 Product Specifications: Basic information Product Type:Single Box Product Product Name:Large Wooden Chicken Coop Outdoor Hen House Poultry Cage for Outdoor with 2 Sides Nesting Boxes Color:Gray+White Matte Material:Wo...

---

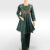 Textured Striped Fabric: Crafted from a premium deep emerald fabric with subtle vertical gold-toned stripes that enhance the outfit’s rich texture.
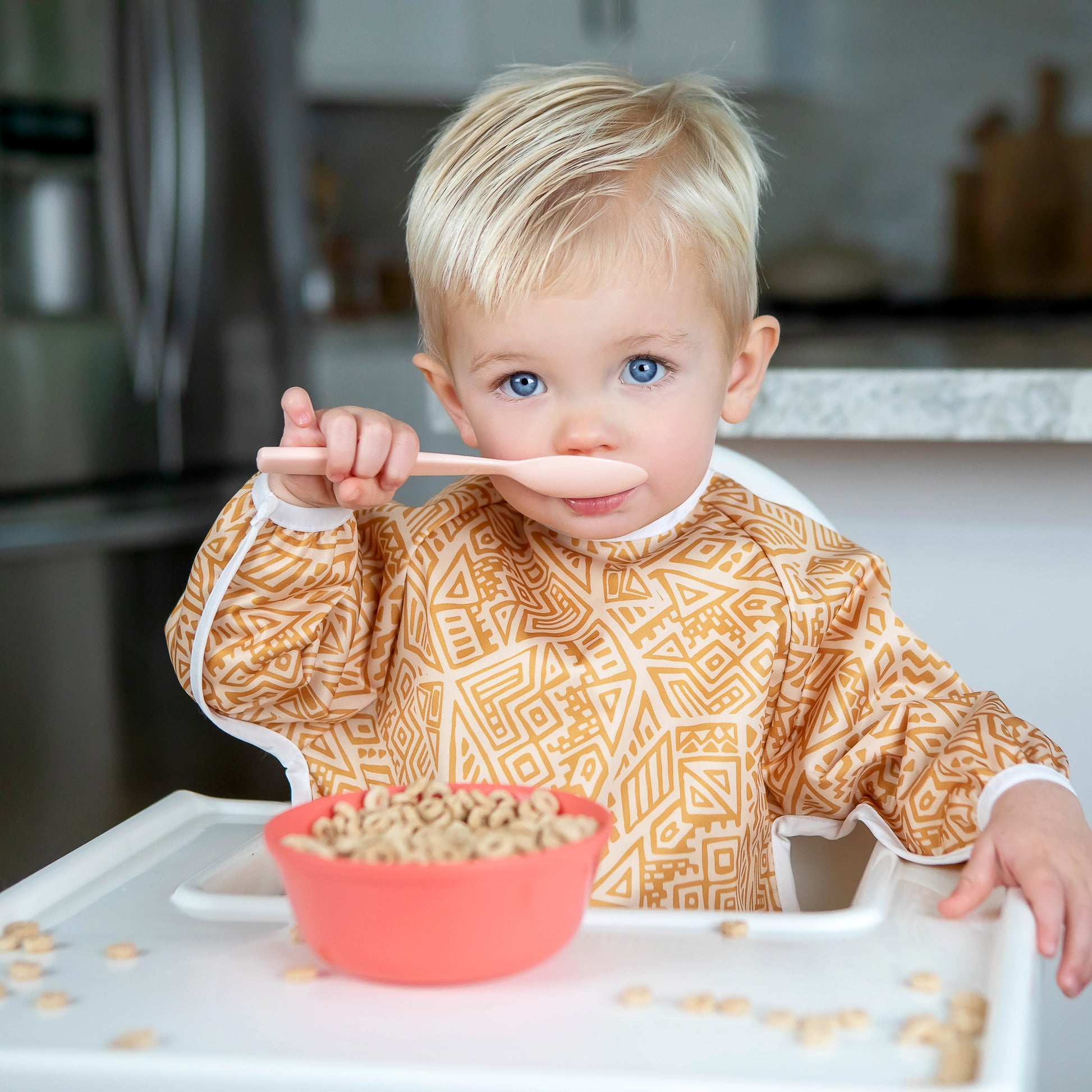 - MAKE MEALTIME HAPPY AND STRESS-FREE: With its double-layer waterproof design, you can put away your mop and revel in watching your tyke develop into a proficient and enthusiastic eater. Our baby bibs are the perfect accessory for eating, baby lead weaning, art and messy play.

* * *

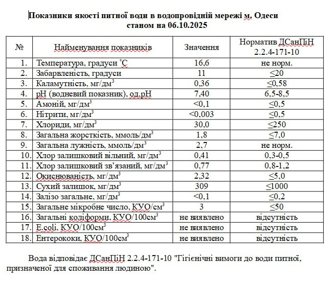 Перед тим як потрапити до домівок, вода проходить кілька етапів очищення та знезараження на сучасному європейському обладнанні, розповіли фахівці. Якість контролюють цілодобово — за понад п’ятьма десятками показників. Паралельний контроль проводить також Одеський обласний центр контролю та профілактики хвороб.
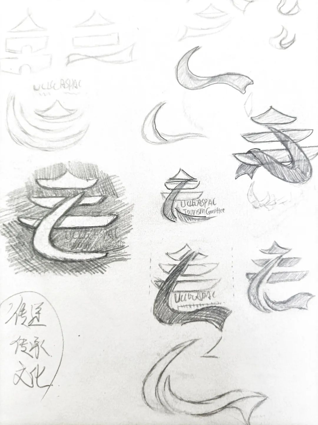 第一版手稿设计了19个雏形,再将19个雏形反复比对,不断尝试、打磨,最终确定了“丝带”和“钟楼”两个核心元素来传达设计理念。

* Work order: Write out exactly the run of lines above that starts at the line containing "Textured Striped Fabric: Crafted" and ends at the line containing "- MAKE MEALTIME". Include both, and leave the pictures out.

* The completed task:
 Textured Striped Fabric: Crafted from a premium deep emerald fabric with subtle vertical gold-toned stripes that enhance the outfit’s rich texture.
 - MAKE MEALTIME HAPPY AND STRESS-FREE: With its double-layer waterproof design, you can put away your mop and revel in watching your tyke develop into a proficient and enthusiastic eater. Our baby bibs are the perfect accessory for eating, baby lead weaning, art and messy play.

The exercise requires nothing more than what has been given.